On Day 4 of the MyDFIR 30-Day SOC Challenge, I focused on setting up and configuring Kibana on the virtual machine (VM) I created on Day 3. Below is a detailed account of the process I followed, including the key steps and configurations.
Step 1: Downloading and Installing Kibana
To begin, I downloaded Kibana from the official Elastic website. This involved using the SSH terminal on my VM to download the correct version of Kibana (v8.15 at the time of recording) by typing:
wget [download link from elastic.co]
After the download was complete, I used the following command to install the package:
dpkg -i kibana-[version].deb
This ensured Kibana was installed and ready for further configuration.
Step 2: Configuring Kibana
Once Kibana was installed, I had to make some configuration changes. The Kibana configuration file is located at /etc/kibana/kibana.yml. I used nano to edit this file and made two key changes:
- Server Port: I ensured that Kibana was running on port 5601, which is the default.
- Server Host: I updated the server host to my VM’s public IP address so that Kibana could be accessed externally.
nano /etc/kibana/kibana.yml
After editing the file, I saved the changes and restarted the Kibana service using:
systemctl daemon-reload
systemctl enable kibana
systemctl start kibana
I verified that Kibana was running by checking its status with:
systemctl status kibana
Step 3: Generating the Enrollment Token
Kibana requires an enrollment token to connect to Elasticsearch. I generated the token by navigating to the appropriate directory and using the following command:
cd /usr/share/elasticsearch/bin
./elasticsearch-create-enrollment-token --scope kibana
This generated the enrollment token that I needed to set up Kibana. I copied and saved the token for later use.
Step 4: Firewall Configuration
Initially, I encountered a “connection timed out” error while trying to access Kibana through the browser. After troubleshooting, I realized that my firewall rules were blocking the port. To resolve this, I configured the firewall rules in both my Vultr instance and my VM itself.
- Vultr Firewall Configuration: I updated the firewall rules to allow access on port 5601.
- Ubuntu Firewall Configuration: I used
ufwto allow incoming connections to port 5601 on the VM:
ufw allow 5601
Once these firewall rules were updated, I successfully accessed Kibana via my VM’s public IP address and port 5601.
Step 5: Finalizing Kibana Setup
When I accessed Kibana for the first time, it prompted me to enter the enrollment token generated earlier.

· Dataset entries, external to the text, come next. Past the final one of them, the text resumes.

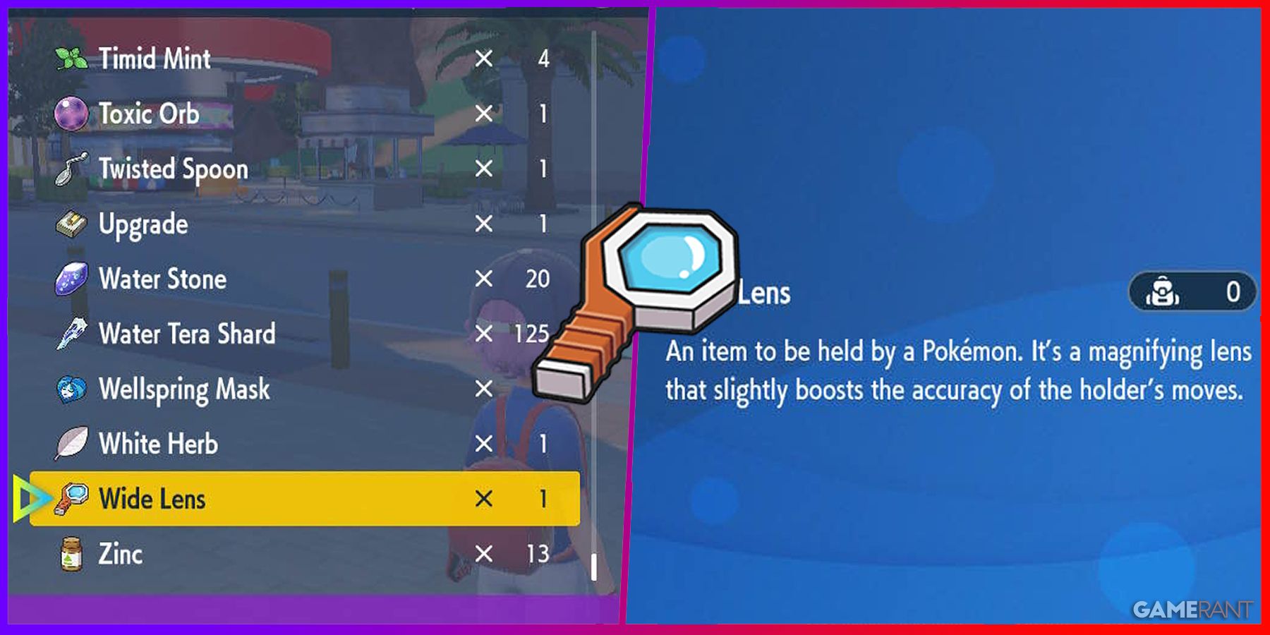 Items dropped during battles can be extremely useful to your Pokemon, so you should make a habit of giving them to your party as soon as possible. A hold item you might consider for your Pokemon Scarlet and purple A wide lens. This will boost your Pokemon's accuracy, which makes it useful if your Pokemon moves with low accuracy like Fire Blast. There is only one shop Scarlet and purple Who sells wide lenses.
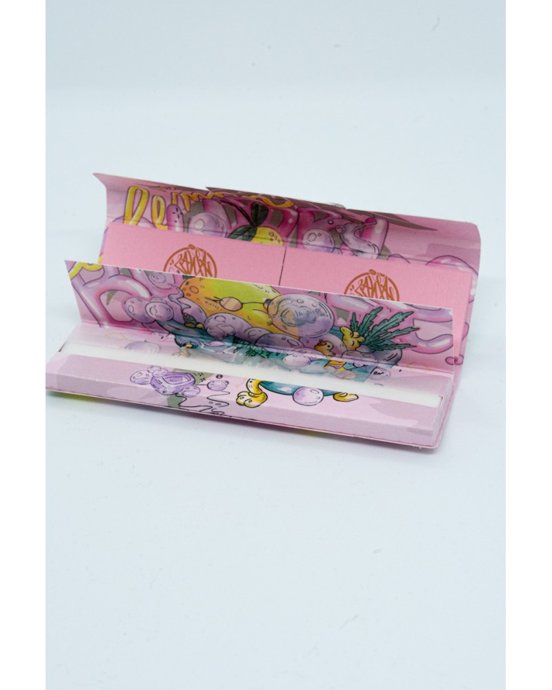 Zakręć się przy naszych bletkach inspirowanych odmianą Bubble. W opakowaniu znajdziesz 32 wolnopalące się bibułki i różowe filtry. A na opakowaniu spotkasz upaloną cytrynę w wannie, która puszcza bańki z ciężkim dymem. Nasze bletki nie tylko mają wyraziste opakowanie, ale również są wygodne w korzystaniu.
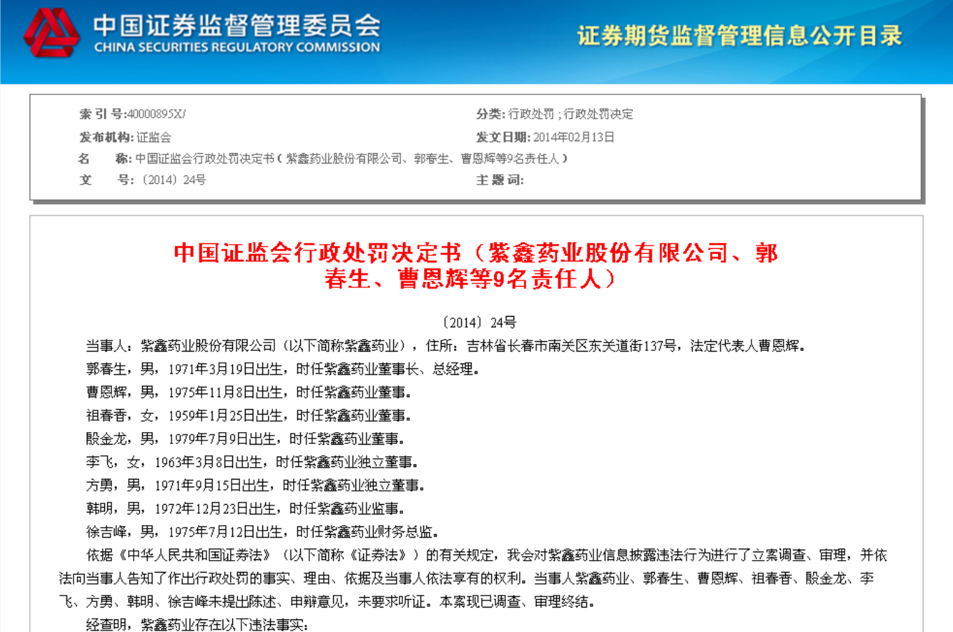 證監(jiān)會決定:一、責令紫鑫藥業(yè)改正,給予紫鑫藥業(yè)警告,并處以40萬元罰款;二、給予郭春生警告,并處以10萬元罰款;三、給予曹恩輝、祖春香、殷金龍、李飛、方勇,韓明、徐吉峰警告,并分別處以3萬元罰款。
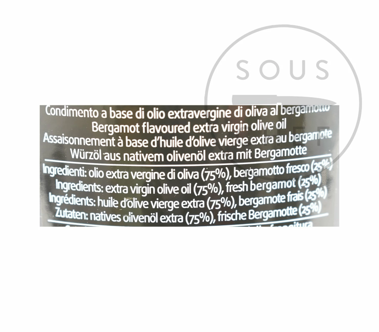 Ingredients: Extra virgin olive oil (75%), fresh bergamot (25%)
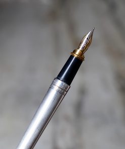 STYLO PLUME S.T. DUPONT SAINT GERMAIN RESINE GRISE & PL. ARGENT – PLUME RHODIUM
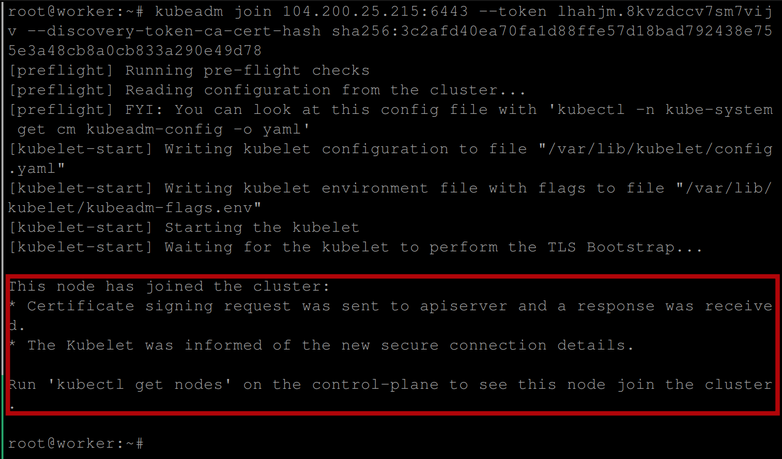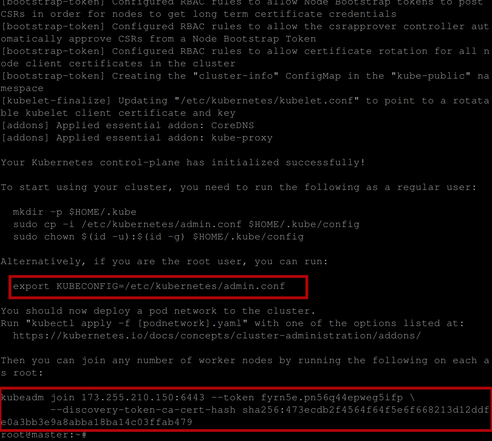 Once the Kubernetes cluster has been initialized successfully, you should have the below output:
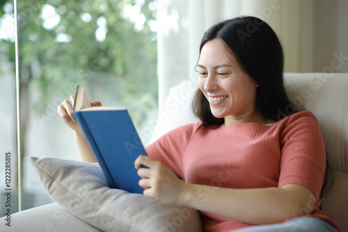 © Antonioguillem, Obraz premium Happy asian woman reading a paper book on a couch
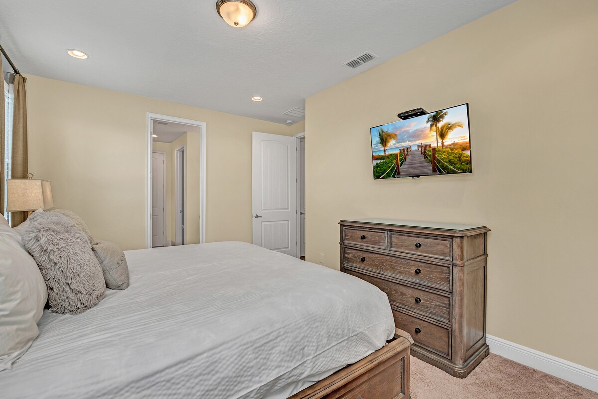 This expansive home features 6 bedrooms, comfortably accommodating up to 14 guests. The master suite offers luxurious furnishings and an en suite bathroom for ultimate privacy. All six bedrooms are equipped with comfortable beds, including one room delightfully themed around Star Wars for the kids. With seven bathrooms throughout the property, all guests can enjoy privacy and convenience, ensuring a relaxed and harmonious stay.
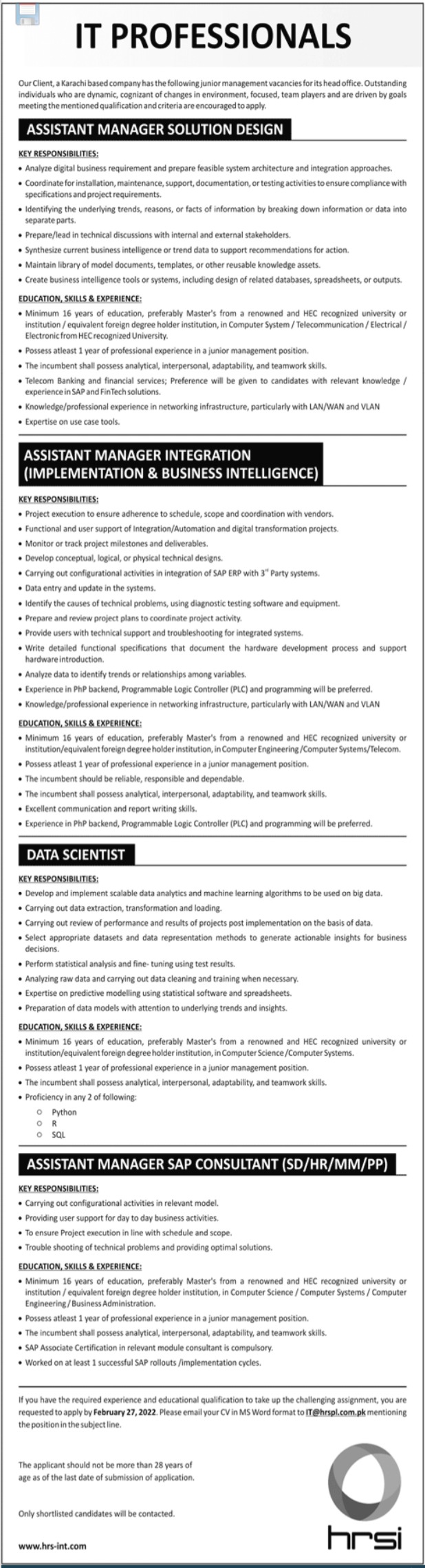 Human Resource Solution International HRSI invites applications for job positions advertised in daily Jang dated 13 February 2022 for following vacancies in Karachi Sindh Pakistan.
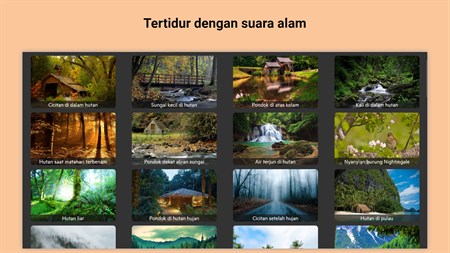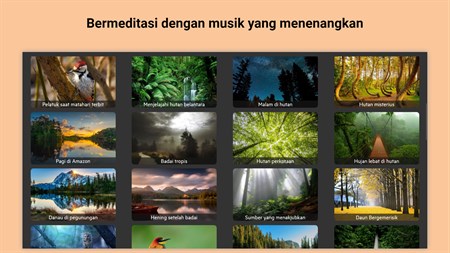 - Kicau di hutan - Sungai di hutan - Bermalam di kolam - Sungai kecil di hutan - Hutan saat matahari terbenam - Gubuk dekat sungai - Air terjun di hutan - Burung bulbul bernyanyi - Hutan liar - Bermalam di hutan hujan - Kicau setelah hujan - Hutan di pulau - Tidur di hutan pinus - Esensi dari alam liar - Hutan palem tropis - Keajaiban Hutan - Pelatuk saat matahari terbit - Menjelajahi hutan - Malam di hutan - Hutan Misterius - Fajar di Amazon - Badai tropis - Hutan Kota - Hujan deras di hutan - Danau Gunung - Tenang setelah badai - Sumber Terpesona - Gemerisik Daun - Burung Hantu Hutan - Burung Hutan - Kabin Di Hutan - Berjalan Melalui Hutan - Kabin Badai - Bebek di Kolam - Burung Mencicit - Paduan Suara Kriket yang Santai - Lebah Tanpa Tujuan - Ular Berbisa yang Tak Ada habisnya - Suara Sungai - Nyanyian Burung Mengejek - Burung Kolibri - Serangga di Teluk - Nyanyian Burung yang Bahagia - Angin Ringan Lembut
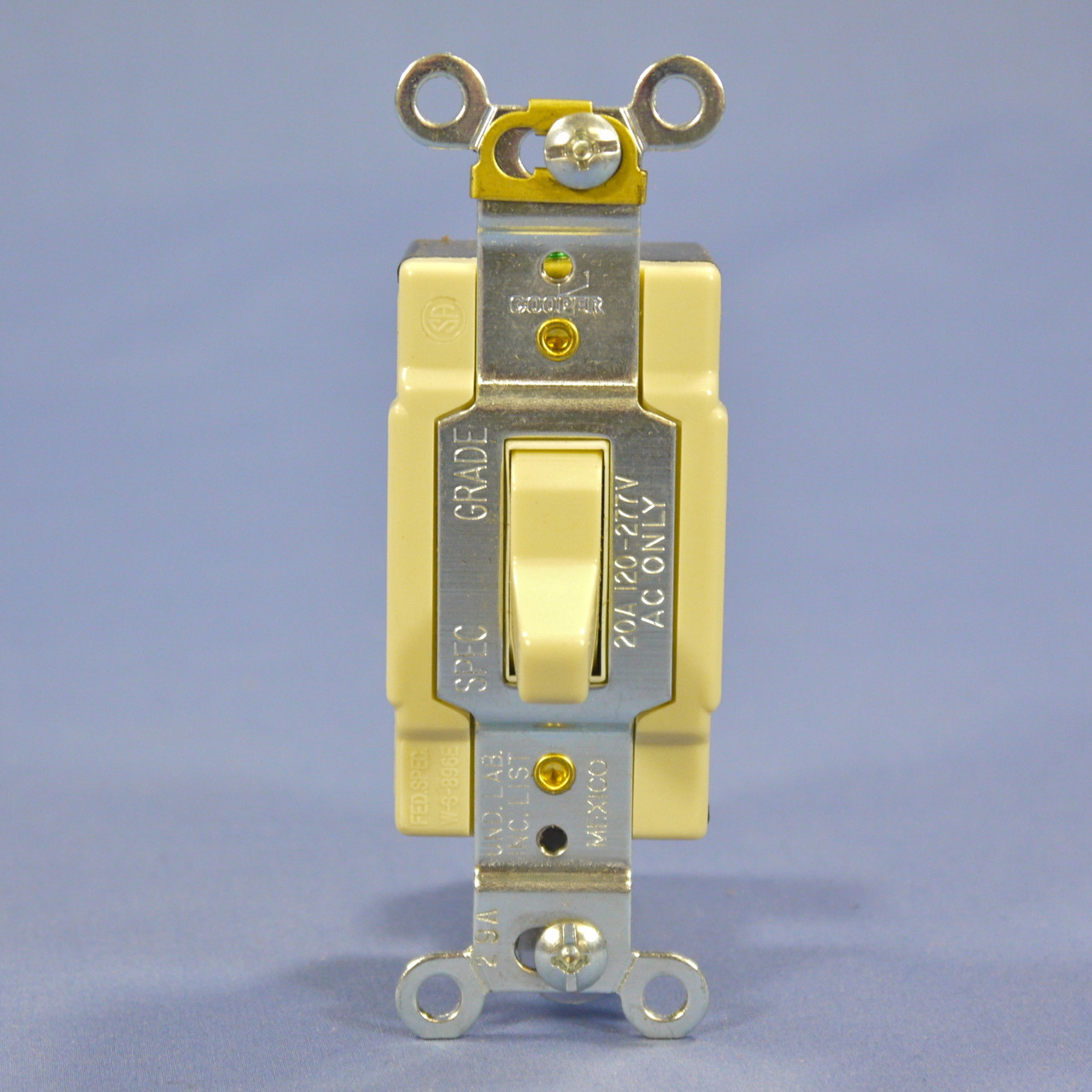Cooper CS420V ivory toggle switch. Commercial Specification Grade, 4-way, grounding, side wired, rated 20A 120/277VAC. Bulk packed loose with no individual packaging. Features include:
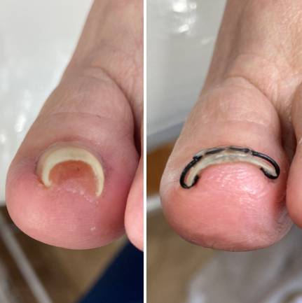 テーピング法は軽度の陥入爪には効果がありますが、巻き爪の痛みは見た目の巻きとは比例しません。爪の厚さ、硬さも関係するので、痛みを感じている場合は早目にしっかり矯正することが大切です。
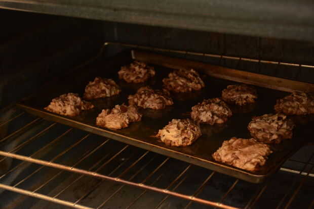 Utilice un protector o guante de cocina para evitar quemaduras, meter las galletas en el horno. Ajustar un temporizador de quince a dieciocho minutos. Cubrir cualquier mezcla restante con una toalla de papel. Mientras esperas, puede leer un libro, hojear una revista o snack tal vez a algunos chips de chocolate.
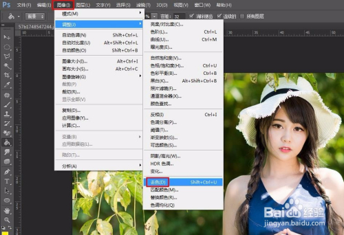 第二步:在菜单栏中选择“图像--调整--去色”(或按shift+Ctrl+U键)。
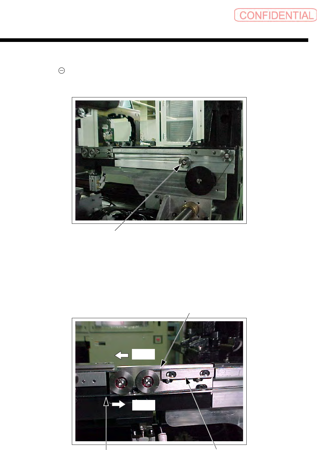 保养篇 2. 维修检查 2-74 SI-F130 (3) 2-8 页 No .2 的皮带交 换方法 轨道中使用的 8 根 皮带的中,对页 2-8 上显示的 No.2 皮带交换方 法进行了说明。 仅 No.2 皮带的交换方法 不同。 [ 作业 顺序 ] 1. 用六角扳手卸下 5 个装配螺丝,从轨道铸件上卸下铝框。 NO .2 皮带 马达 卸下铝框 驱动滑轮 轨道铸 件 固定螺钉 铝框
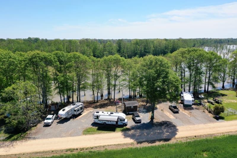 Discover RV Camping at this serene lakefront oasis, boasting 200 feet of private shoreline on a 360-acre cypress-lined oxbow lake. Five spacious, gravel pads feature water, sewer, and 50 AMP hookups, fire pits with cut wood, and a communal grill. Fish for bass or sunbathe next to turtles, then unwind under string and solar lights while gazing at epic sunsets, moonrises, and the Milky Way. Ideal for nature lovers seeking tranquility and wildlife encounters.
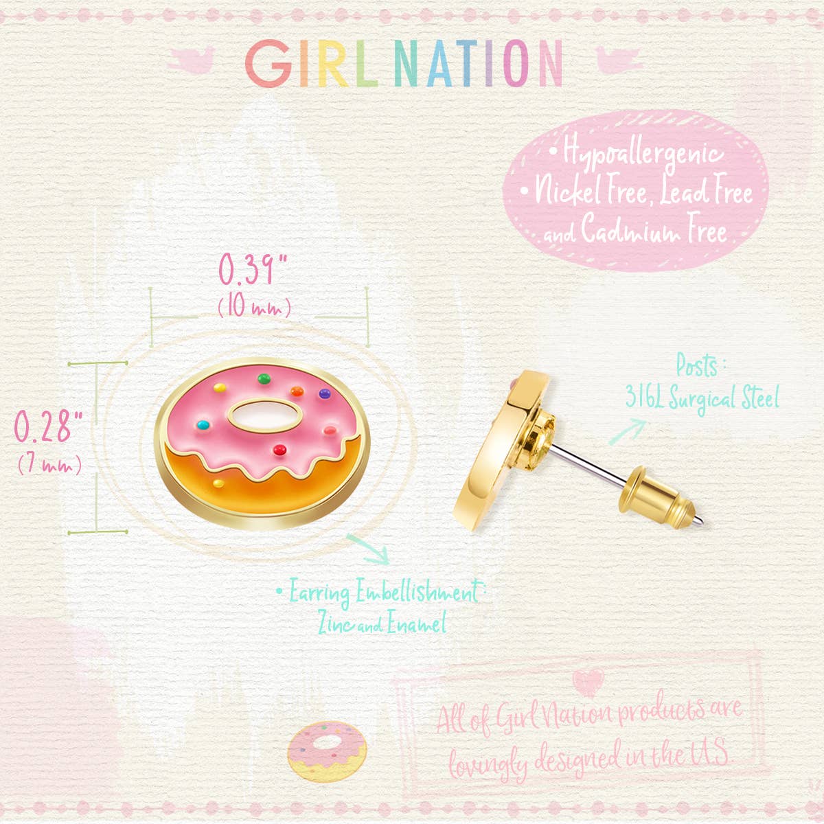Girl Nation’s bestselling Cutie Earring Collection celebrates girls and their favorite things! Give her grown-up quality with hand-painted enamel earrings that allow her to express herself and her own unique style!
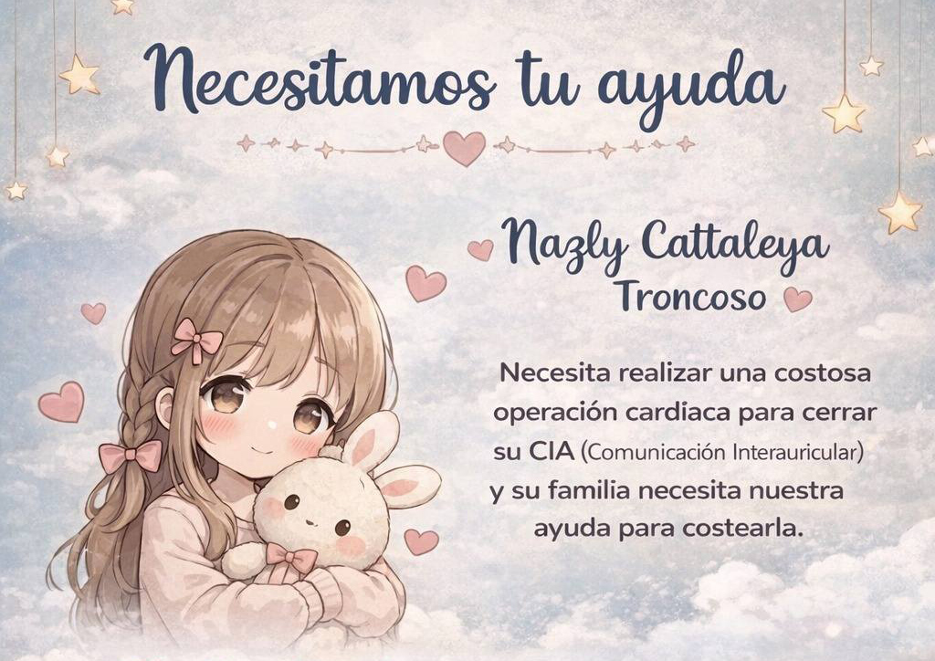 Se trata de Nazly Cattaleya Troncoso, quien fue diagnosticada con una cardiopatía congénita del tipo comunicación interauricular (CIA). Según indicaron los profesionales del Hospital Pediátrico “Dr. Humberto Notti” de Mendoza, la pequeña debe someterse a un cateterismo terapéutico para cerrar esta afección.
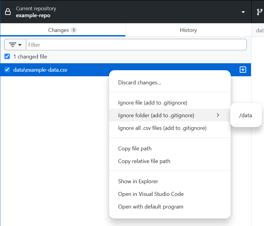 Github Desktop makes this very easy. When we’ve added some files or folders that we want git to ignore, we just right click within the changes list and add either the individual files or entire folders to gitignore - once we’ve done this, git will disregard these files and folders, refrain from pushing them to the remote repo, and not track any changes made to them.

After pasting the token, I needed to verify it with a verification code, which I obtained by running the following command on the VM:
cd /usr/share/kibana/bin
./kibana-verification-code
I entered the verification code and logged in using the default elastic user and password that I had saved during the Elasticsearch setup.
Step 6: Setting Persistent Encryption Keys
One of the final configurations involved setting persistent encryption keys for Kibana. Without this, Kibana generates new keys each time it restarts, which can lead to errors when modifying saved objects or rules. I generated three encryption keys (for saved objects, reporting, and security) and added them to Kibana’s key store:
To generate the necessary encryption keys, I used a built-in command in the Kibana binary directory. First, I navigated to the Kibana binaries directory using the command:
cd /usr/share/kibana/bin
Once inside the directory, I executed the following command to generate the three encryption keys:
./kibana-encryption-keys generate
This command output three unique encryption keys, each used for securing different components of Kibana. These encryption keys were as follows:
- xpack.encryptedSavedObjects.encryptionKey
- xpack.reporting.encryptionKey
- xpack.security.encryptionKey
The output in the terminal looked something like this:
xpack.encryptedSavedObjects.encryptionKey: c3VwZXJfc2VjdXJlX2tleQ==
xpack.reporting.encryptionKey: c29tZV9yYW5kb21fZW5jcnlwdGlvbg==
xpack.security.encryptionKey: Z3JhbmRfdGVzdF9rZXk=
I copied these keys and stored them in a notepad for use in the next steps.
Next, I needed to add these keys into the Kibana keystore to ensure they persist through system restarts. For each key, I used the following command:
./kibana-keystore add [encryption key name]
Kibana then prompted me to enter the corresponding key value for each encryption key. I repeated this process three times, once for each key, ensuring all the key-value pairs were securely stored in the keystore.
Finally, to apply the changes, I restarted the Kibana service using the following command:
sudo systemctl restart kibana
After this, Kibana no longer displayed the API integration key error, and everything was functioning smoothly with the persistent encryption in place.
Conclusion
By the end of Day 4, I successfully installed and configured Kibana on my virtual machine, integrating it with Elasticsearch. From resolving configuration issues to setting up encryption keys, this process taught me essential skills in managing and securing Kibana. I encountered and overcame challenges, like firewall rules and persistent encryption keys, ensuring that Kibana remains functional after restarts. With Kibana now fully operational, I’m ready to move forward and begin setting up my Windows target machine for log ingestion in the next phase of the project.